A Venn diagram analysis of putative Neat1 target miRNAs using Starbase v3.0, DIANA-LncBase, and miRDB databases. B Only 23 candidate miRNAs were expressed in CD4⁺ T cells isolated from EAU mice. Microarray-based bar graphs showing the expression level of candidate miRNA in CD4⁺ T cells isolated from EAU mice relative to those from naïve mice. C Real-time qRT-PCR analysis of miR-128-3p expression in Th17 cells transfected with ASO-NC or ASO-Neat1 (n = 4 per group). D Sequence alignment between miR-128-3p and its potential binding sites (in red letters) in the lncRNA Neat1. E, F Luciferase activity analysis of reporter carrying Neat1 binding sites or mutant site (Mut) co-transfected into HEK293T with Ctrl mimics or miR-128-3p mimics (n = 4 per group). G–K CD4⁺ T cells isolated from immunized mice were transfected with indicated oligonucleotides and stimulated with IRBP_1-20 in the presence of irradiated APCs under Th17-polarizing conditions. G, J Real-time qRT-PCR analysis of Rorc, Il17 and Il23r expression (n = 4 per group). H ELISA analysis of IL-17 secretion in the culture supernatants (n = 4 per group). I, K Real-time qRT-PCR analysis of Nfat5 expression (n = 4 per group). Data are presented as mean ± SD of at least three independent experiments. *p < 0.05, **p < 0.01. See also Fig. S3.

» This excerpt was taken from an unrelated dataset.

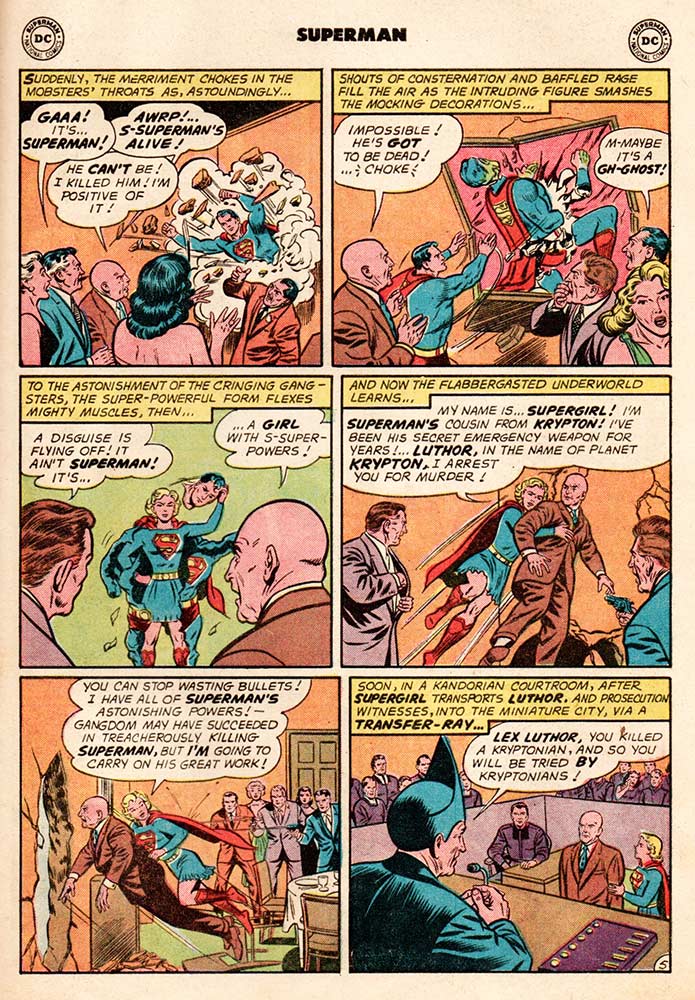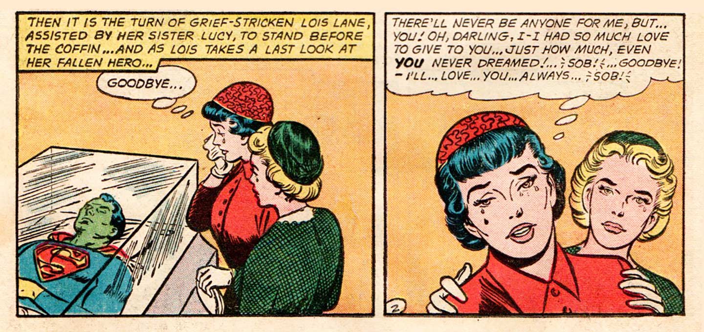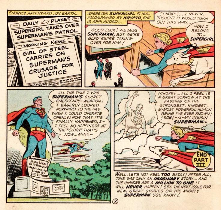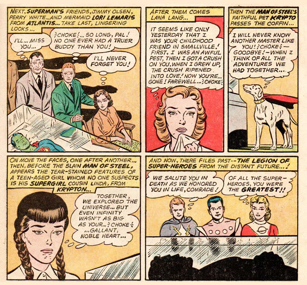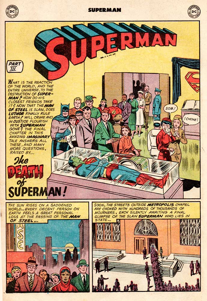 There’s a funeral for Superman in the third chapter of this book-length story, finally titled “The Death of Superman,” where his friends all walk past his green-faced and glass-enclosed body to pay their respects. Even Krypto, the Super-Dog stops by and thinks, “I will never know another master like you! CHOKE—Goodbye.” (“Choke” was DC code for an extreme emotional moment. “SOB” meant crying was involved.) Luthor gathers all his criminal friends together to celebrate (he even dons a spiffy brown suit!), when suddenly Superman bursts through the wall, much to Luthor’s murderous chagrin. Quickly, a costume is ripped off to reveal Kara Zor-El, Supergirl, Superman’s “secret emergency weapon,” who whisks Luthor off to the hoosegow. Luthor is tried in the bottle city of Kandor, the last remaining city of Krypton, where he tries to bargain with the judge and jury, but is ultimately sentenced to the Phantom Zone, a kind of living death (now there’s an oxymoron for you right there), in another dimension. Supergirl and Krypto end the story flying over a giant statue of Superman and having one of those DC extreme emotional moments, we know because she both CHOKEs and SOBs as she says: “CHOKE …All I feel is a great sorrow at the passing of the strongest, kindest, m-most powerful human being I’ve ever known—SOB—my cousin, Superman!” The End, but not before the editor reminds us: “Well, let’s not feel too bad! After all, this was only an imaginary story … and the chances are a million to one it will never happen! See the next issue for new, great stories of the mighty Superman you know!”

Fig. 7. Schematic showing the molecular mechanisms by which Neat1 regulates antigen-specific Th17 cell responses in EAU.

The increased expression of Neat1 is induced by IL-23 signaling, and Neat1 in turn augments IL-23R expression by regulating NonO and miR-128-3p/NFAT5, thus forming a positive feedback loop to sustain antigen-specific Th17 cell responses that contribute to the progression of EAU.